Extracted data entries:

::::

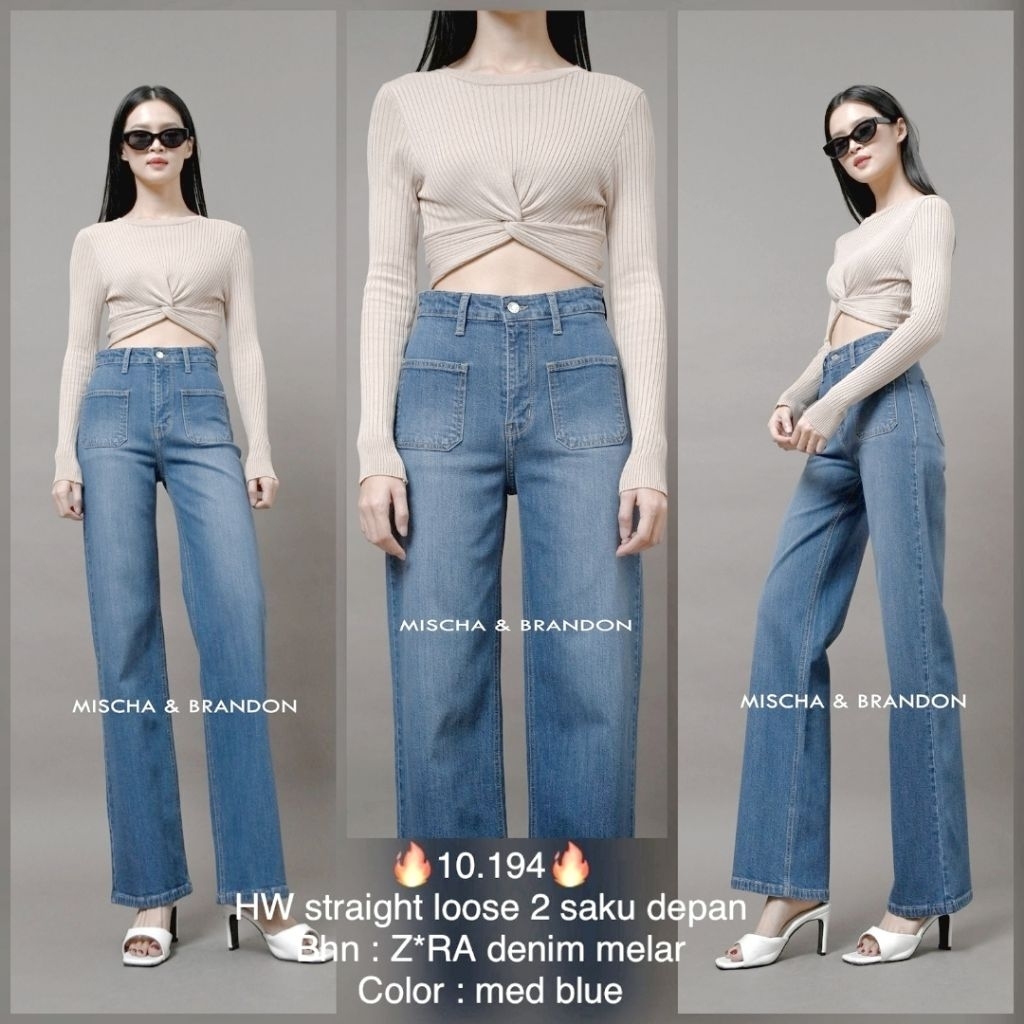 M&B Jeans Celana Panjang Wanita Jeans Stretch HW Straight Loose 2 Saku Depan Denim Melar
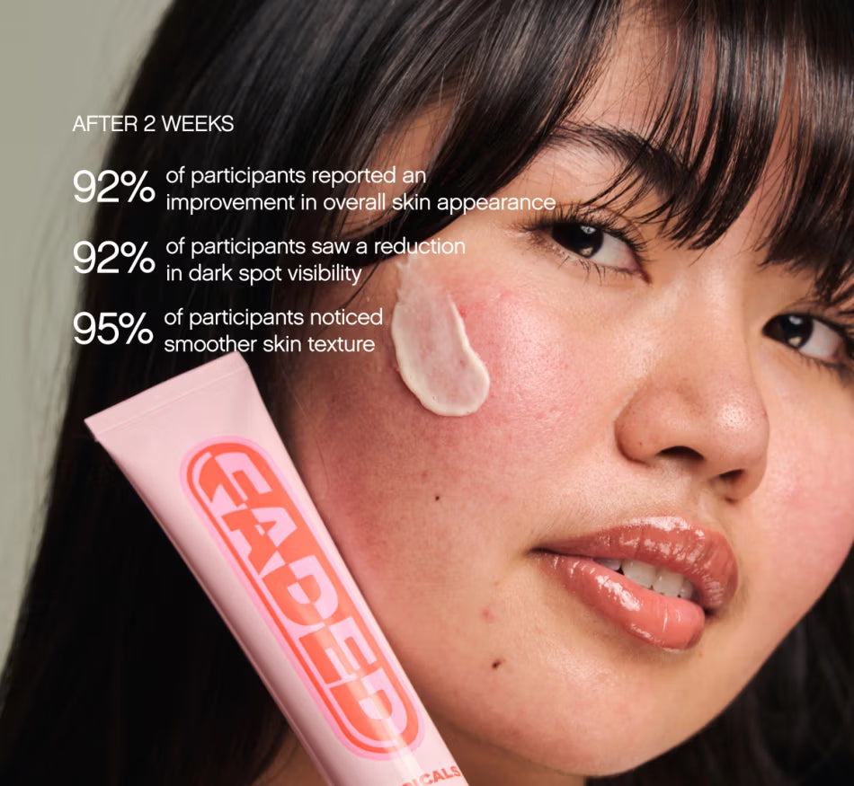 This hyperpigmentation-safe serum visibly reduces stubborn discoloration, post-blemish marks, scars, and spots—for all ethnicities and skin shades. Gentle enough for daily use, it produces visible results in as little as two weeks.
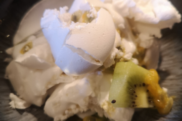 Mini Meringue Pavlova with cream and fruit bowl leftovers
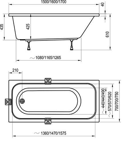 - doplnky: čelný a bočný panel, vaňový odtokový komplet
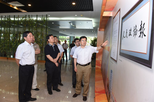 图为人民政协报社党组书记、总编辑周北川(左一)向合肥市政协主席杨思松(左一)、原主席董昭礼(左三)介绍人民政协报社发展情况。人民政协网记者 姜贵东 摄
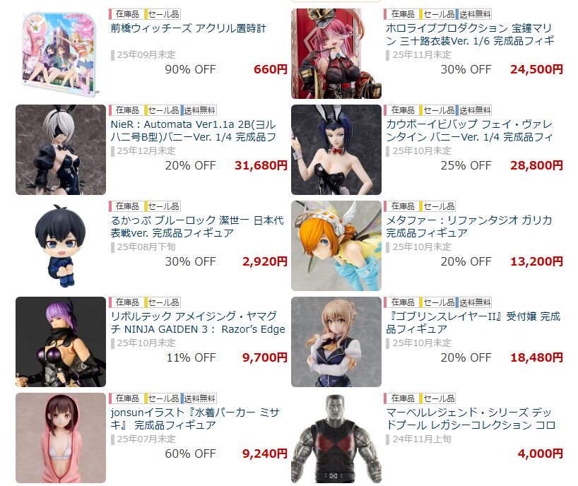 人気フィギュアが特価価格で購入できる「あみあみ特価セール」のおすすめ商品をまとめました。
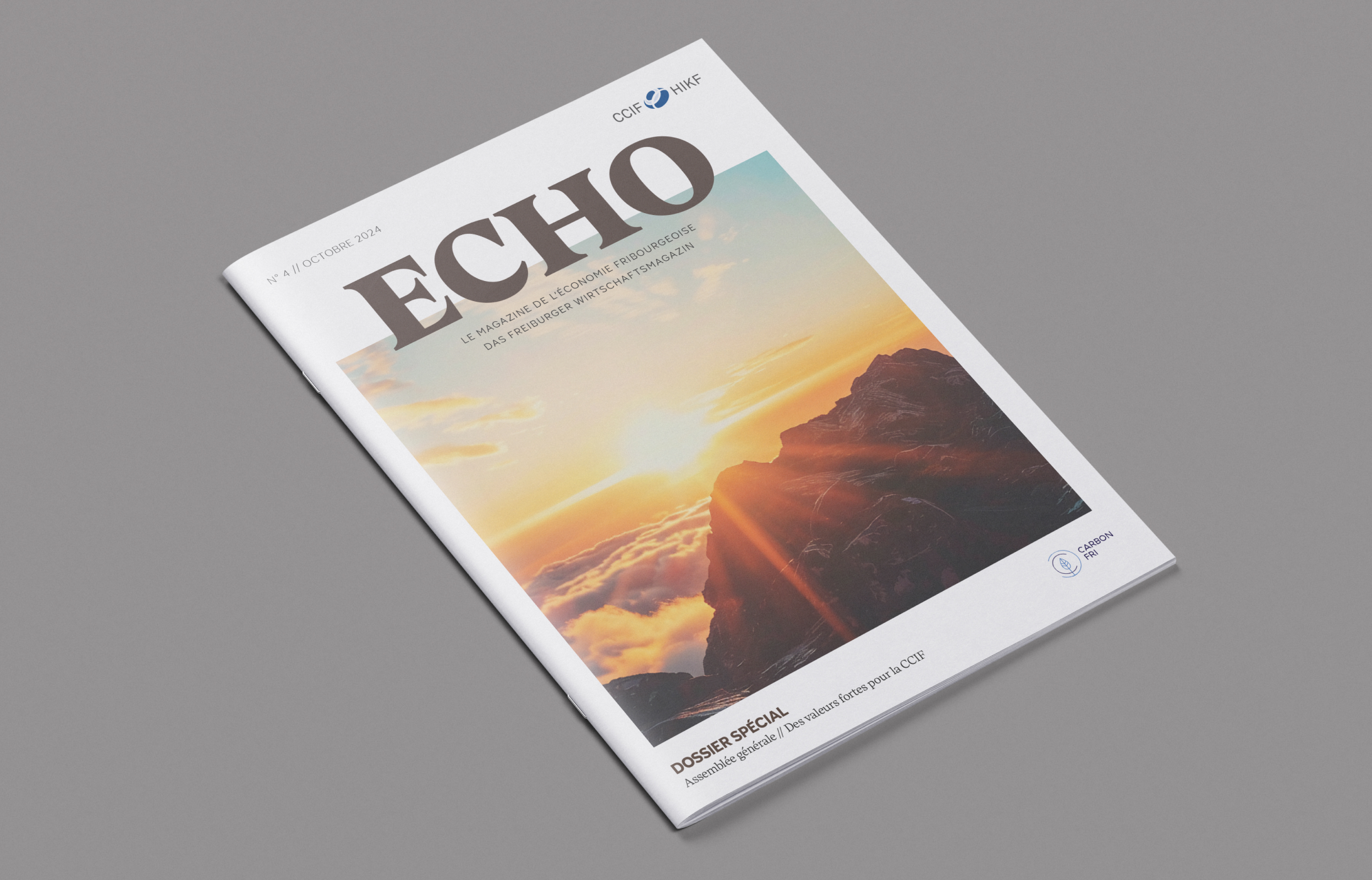 Refonte graphique de la brochure ECHO visant une présentation plus moderne, sobre et institutionnelle, avec une mise en page aérée, une palette de couleurs adoucie et des éléments graphiques plus lisibles.
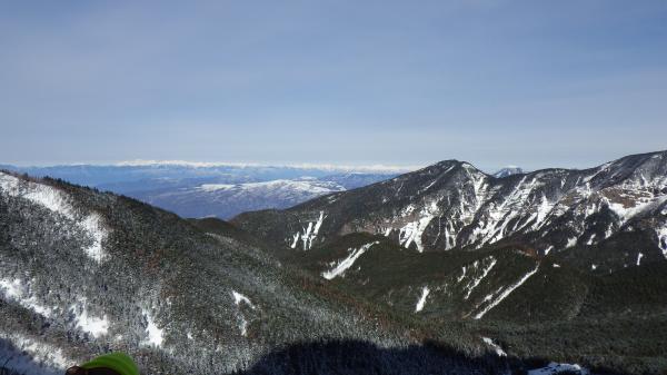 山頂では、晴れとはいきませんでしたが、それでもアルプスの山々、富士山も見ることができたので満足満足。風も強いので長居はせずに下山。
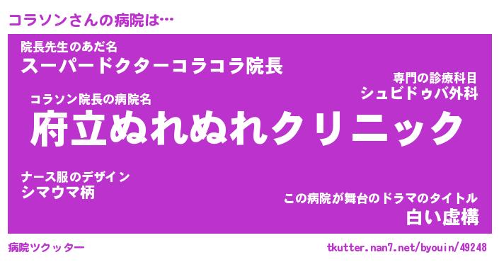 | 男性向けラノベタイトル風あだ名 | 『コラソンの憂鬱』 |

::::

Task brief:
What you return should match the records line for line, minus the pictures.

Response to the exercise:
 M&B Jeans Celana Panjang Wanita Jeans Stretch HW Straight Loose 2 Saku Depan Denim Melar
 This hyperpigmentation-safe serum visibly reduces stubborn discoloration, post-blemish marks, scars, and spots—for all ethnicities and skin shades. Gentle enough for daily use, it produces visible results in as little as two weeks.
 Mini Meringue Pavlova with cream and fruit bowl leftovers
 - doplnky: čelný a bočný panel, vaňový odtokový komplet
 图为人民政协报社党组书记、总编辑周北川(左一)向合肥市政协主席杨思松(左一)、原主席董昭礼(左三)介绍人民政协报社发展情况。人民政协网记者 姜贵东 摄
 人気フィギュアが特価価格で購入できる「あみあみ特価セール」のおすすめ商品をまとめました。
 Refonte graphique de la brochure ECHO visant une présentation plus moderne, sobre et institutionnelle, avec une mise en page aérée, une palette de couleurs adoucie et des éléments graphiques plus lisibles.
 山頂では、晴れとはいきませんでしたが、それでもアルプスの山々、富士山も見ることができたので満足満足。風も強いので長居はせずに下山。
 | 男性向けラノベタイトル風あだ名 | 『コラソンの憂鬱』 |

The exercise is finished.